Problem details:
Within the listing below, please copy exactly the lines between the line holding "A PADD (Personal" and the line holding "The linearity of", inclusive.

The records:
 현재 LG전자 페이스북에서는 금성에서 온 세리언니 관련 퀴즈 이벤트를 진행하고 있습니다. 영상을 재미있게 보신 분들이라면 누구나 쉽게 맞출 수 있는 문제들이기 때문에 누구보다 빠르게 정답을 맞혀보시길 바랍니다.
==
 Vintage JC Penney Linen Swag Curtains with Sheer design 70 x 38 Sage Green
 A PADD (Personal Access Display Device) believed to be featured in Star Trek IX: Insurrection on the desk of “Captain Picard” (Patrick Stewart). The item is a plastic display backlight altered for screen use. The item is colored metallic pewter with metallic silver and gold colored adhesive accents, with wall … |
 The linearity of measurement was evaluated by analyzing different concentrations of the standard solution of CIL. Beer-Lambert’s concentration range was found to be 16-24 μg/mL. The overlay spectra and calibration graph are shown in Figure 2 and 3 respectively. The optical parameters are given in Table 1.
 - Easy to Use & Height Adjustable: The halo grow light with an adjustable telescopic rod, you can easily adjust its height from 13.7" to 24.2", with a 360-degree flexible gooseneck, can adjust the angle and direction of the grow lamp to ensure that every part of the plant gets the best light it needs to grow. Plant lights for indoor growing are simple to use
--
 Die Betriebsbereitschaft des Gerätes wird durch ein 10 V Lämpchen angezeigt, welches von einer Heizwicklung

Response to this task:
 A PADD (Personal Access Display Device) believed to be featured in Star Trek IX: Insurrection on the desk of “Captain Picard” (Patrick Stewart). The item is a plastic display backlight altered for screen use. The item is colored metallic pewter with metallic silver and gold colored adhesive accents, with wall … |
 The linearity of measurement was evaluated by analyzing different concentrations of the standard solution of CIL. Beer-Lambert’s concentration range was found to be 16-24 μg/mL. The overlay spectra and calibration graph are shown in Figure 2 and 3 respectively. The optical parameters are given in Table 1.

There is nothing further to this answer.